My final foray into the world of service was by far the worst. The landlady was a useless, lazy spineless idiot with a similarly useless, lazy spineless lump of a husband (who did not have a job at all, even in the pub). The landlady did no work whatsoever, preferring to hide upstairs despite not scheduling enough staff on because she would “cover it.” We would quite often end up with a bar queue three people deep, the kitchen bell going constantly with food and not a clean glass in sight, while she would be upstairs having her hair dyed. The husband was a really odd guy who never wore shoes even at the rare times he managed to lift a finger behind the bar. He constantly went around in increasingly battered and filthy novelty Homer Simpson slippers and I never saw him wear anything else.

She did absolutely none of the usual back of house things that managers usually do — deliveries, cashing up etc. She had us doing all of it. The only thing she actually controlled was the stock ordering and auditing and would never allow anyone else to be involved in at all. It became clear why she was so militant about that shortly before I quit. She really loved being able to say “on the house” to people and was giving freebies out left, right and centre. Every drop of alcohol that her and the husband drank came from behind the bar and every meal they had came out of the kitchen — breakfast, lunch and dinner. Which, for two people and a young child over a prolonged period of time, racks up to quite a hefty amount of lost stock that hasn’t been paid for.

The brewery who owned the place started to get suspicious. The more pressure put on her by the brewery meant the more pressure she put on us. She used to sit us all down (with her husband, who was not a manager or even a member of staff) and accuse us all of stealing because they were a few bottles of spirits down, or a few pints etc. Every one of these occurrences would end with her saying the missing stock was going to have to be paid for out of the tips. It eventually came out that they were around £12,000 down in stock in total, occurring over about a year, which was why they were so manic when it came to the stock orders and audits. They were trying to cover their own tracks. Trust me when I say, there wasn’t a single staff member there who was stealing a thing. It was all them. A few months after I left the brewery finally saw sense and sacked them. That pair well and truly ran that place into the ground.

Comments (12)

JeffJanuary 6th, 2011 at 9:56 am

I was confused by your references to “the landlady”. In the US, “landlady” means the woman who owns the building that the business leases space in, but you seem to be referring to the general manager of the pub. So I’m guessing this was in some other country.

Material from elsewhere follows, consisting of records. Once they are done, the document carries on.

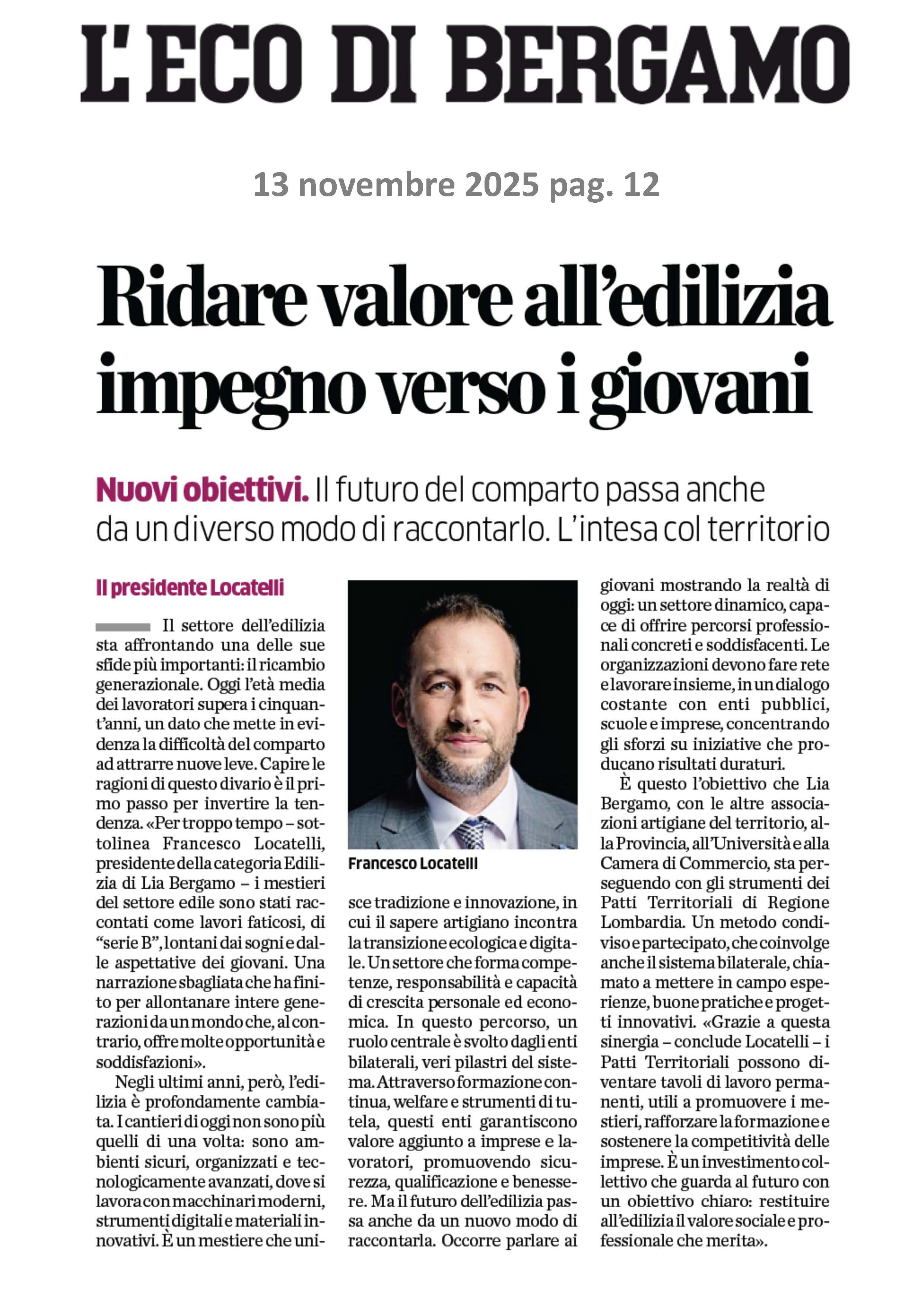 Ridare valore all’edilizia impegno verso i giovani 13 novembre 2025 L'ECO DI BERGAMONuovi obiettivi 2025-11-13-2_pdf
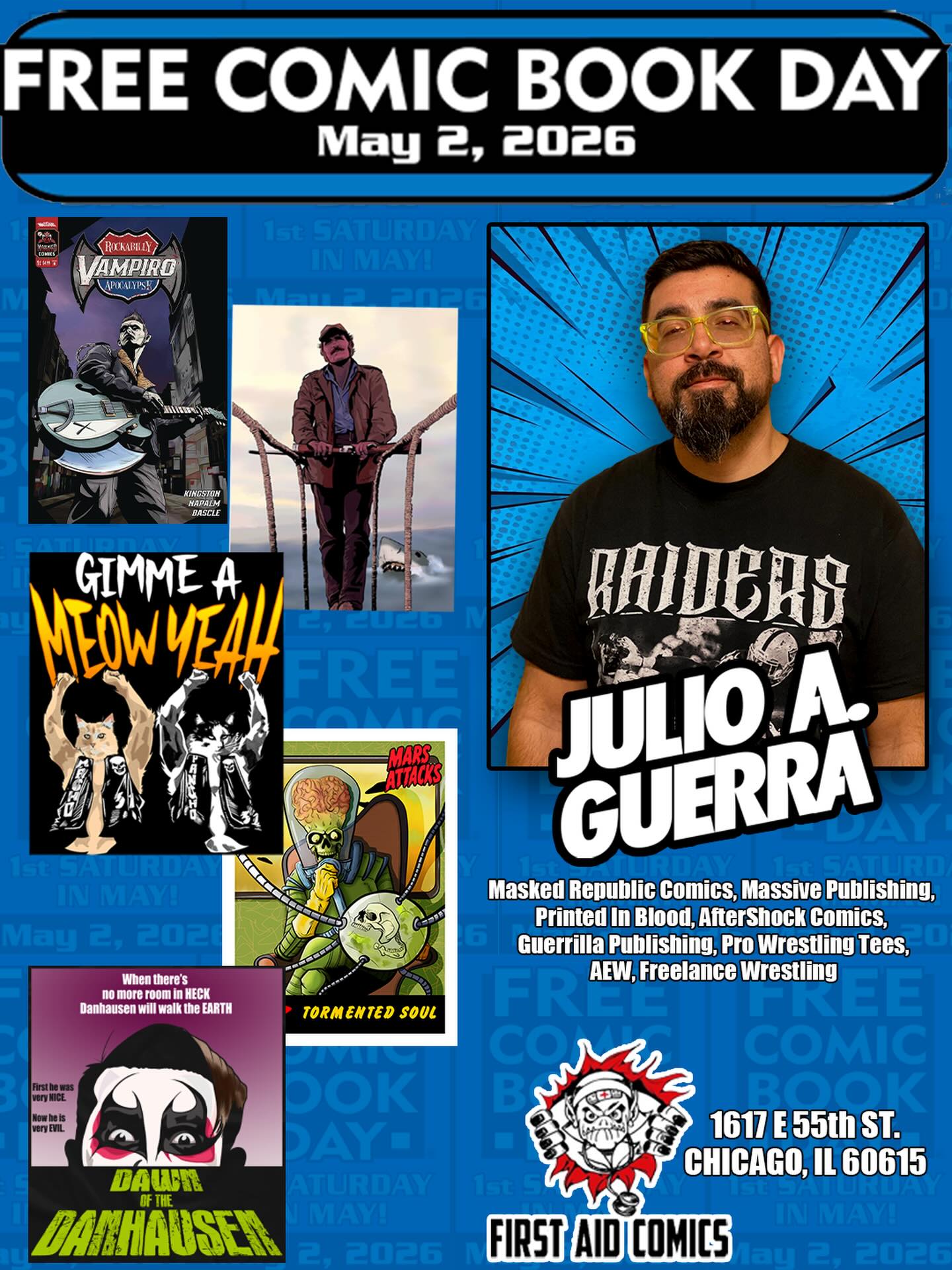 Saturday May 2 is Free Comic Book Day and I’ll bet at FIRST AID COMICS (Chicago, IL Hyde Park Location)
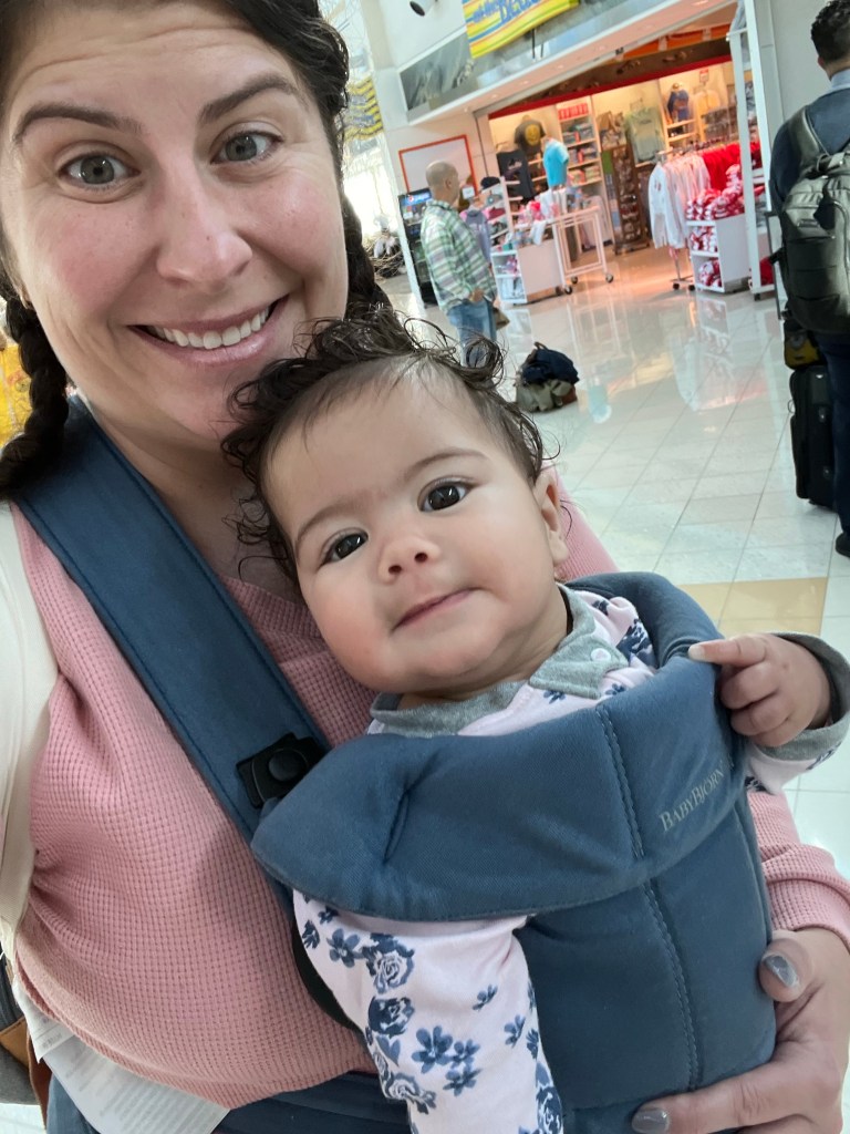 3. Getting through security: TSA pre check is a game changer. It is worth the fee. You get to keep your shoes on and you can wear baby. If traveling with pumped breastmilk or formula, prepare a few bottles ahead of time be prepared for extra time at TSA to test bottles.
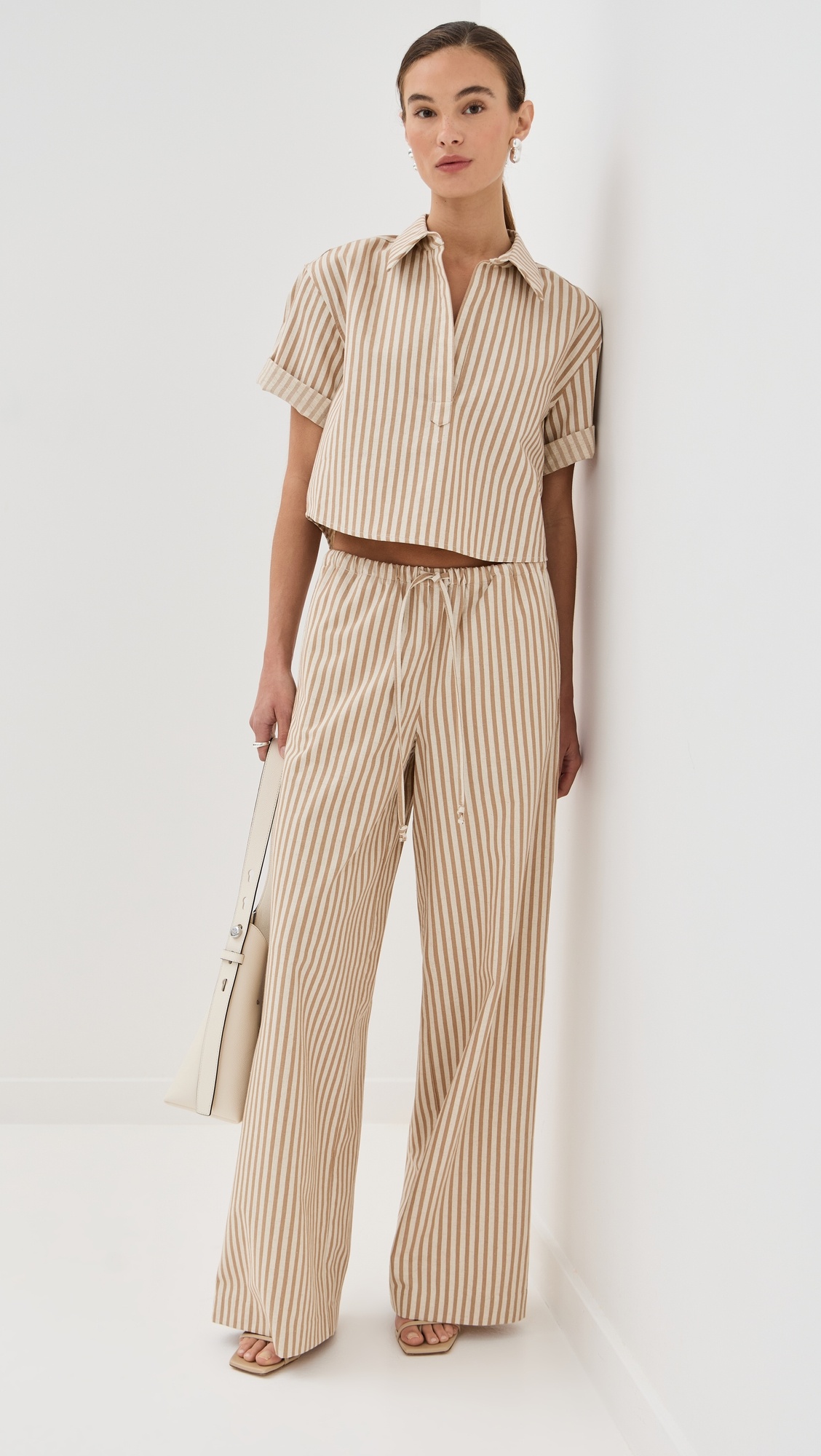 - Fabric: Mid-weight, non-stretch linen weave - Stripe print - Covered elastic waist with drawstring - On-seam side pockets - Shell: 75% cotton/25% linen - Hand wash - Made in the USA Style #SPRWM30210 Size & Fit Customers say: Runs large; please size down. Model measurements: Size XS: Mia (5'9.5") usually wears size XS Measurements from size XS Rise: 10.75in / 27cm Inseam: 32.25in / 82cm Leg opening: 24.5in / 62cm
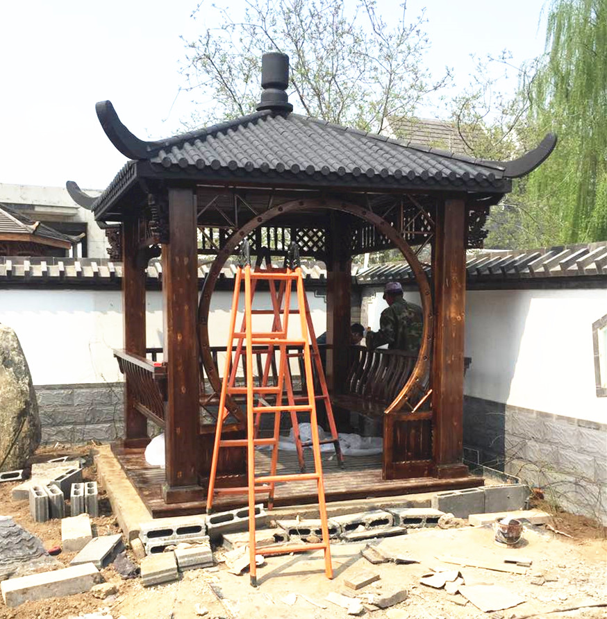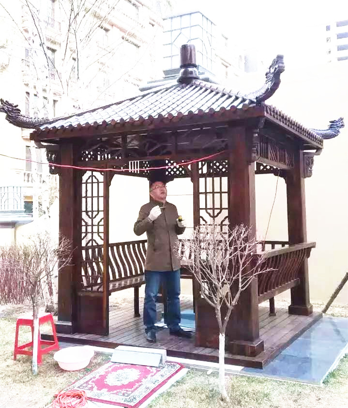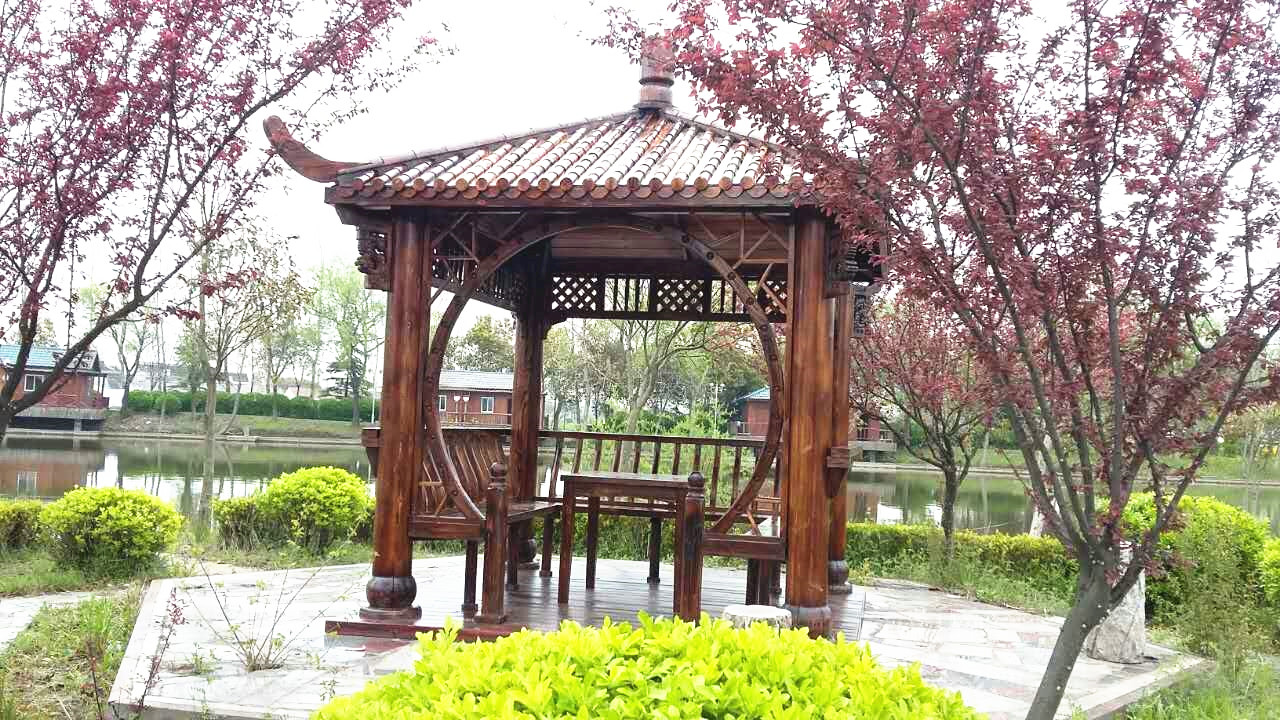 Outdoor solid wood antique carbonized wood anticorrosive wood camphor pine landscape four corner pavilion park courtyard balcony wooden pavilion
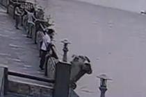 监拍倒车失控翻入江中
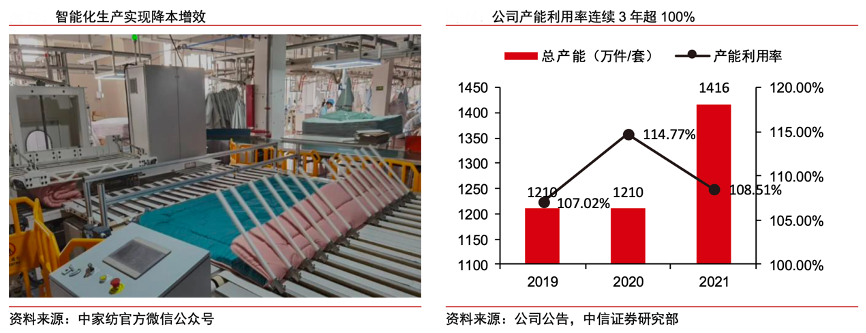 經(jīng)典案例:根據(jù)中家紡官方微信公眾號、公司公告、中信證券研究部等綜合資訊表明,羅萊公司積極發(fā)展智能制造,先后引進(jìn)德國 Mammut 多針絎縫機(jī),西班牙 MASIAS 梳理機(jī),瑞典 KINNA 智能分配、自動折疊設(shè)備等;通過機(jī)聯(lián)網(wǎng)開發(fā),實現(xiàn)繡花機(jī)的數(shù)字化和網(wǎng)絡(luò)化改造;并定制開發(fā)智能懸掛系統(tǒng)加強(qiáng)生產(chǎn)工序智能化管理。截至2021 年中,羅萊生產(chǎn)基地?fù)碛凶詣踊O(shè)備 2500 余臺,各品類全自動化吊掛(芯類、套件)流水線15條。
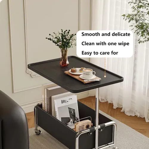 Маневренность изделия обеспечивается четырьмя поворотными роликами, которые позволяют бесшумно перемещать столик по дому, адаптируя интерьер под текущие задачи. Прочный металлический каркас гарантирует стабильность, а лаконичное исполнение в черном или благородном коричневом цвете позволяет модели гармонично вписаться как в классический, так и в минималистичный интерьер. Этот универсальный предмет мебели станет отличным решением для тех, кто ценит комфорт, эргономику и возможность держать всё необходимое под рукой.

JennaJanuary 6th, 2011 at 10:47 am

In the UK the landlady is usually just the woman in charge who usually lives above the pub but doesn’t necessary own it.

tronnerJanuary 6th, 2011 at 11:29 am

I think there is a lot of this type of behavior in the restaurant business. Someone wants to be the “cool guy” and hand out things to their friends, be the neighborhood draw, all the while pulling in bucket loads of money without lifting a finger. Too bad the reality is something far different.

@Jeff. I caught that it was a different country by the OP’s use of the “pound” prefix instead of $$$, but that’s just me :)

JChiefJanuary 6th, 2011 at 11:48 am

Jeff:

Color me confused as well. My theory is that these shitbirds owned the property and rented it out to the Brewery. But then the OP wouldn’t be saying they “should” be working the back office… f*ck it, I’m now totally confused.

thatenglishchickJanuary 6th, 2011 at 12:51 pm

Pubs in the UK are lease-hold (a brewery owns it, and the landlord/landlady run it for them and get paid an annual wage plus bonuses to do so. They usually live above the pub too), or freehold (it is owned personally by the landlord/landlady, so it’s a lot more hard work, with more personal loss if something goes wrong, but you can make better money).

Lease-hold pubs are more common, with chains such as Mitchells & Butlers (who own Wetherspoon, Edwards, and O-Neills, amongst others), who run more modern pubs/bars (so there’s no upstairs living accomodation), or Hobgoblin, which is more likely to own traditional and older pubs, where the landlord/landlady live above it.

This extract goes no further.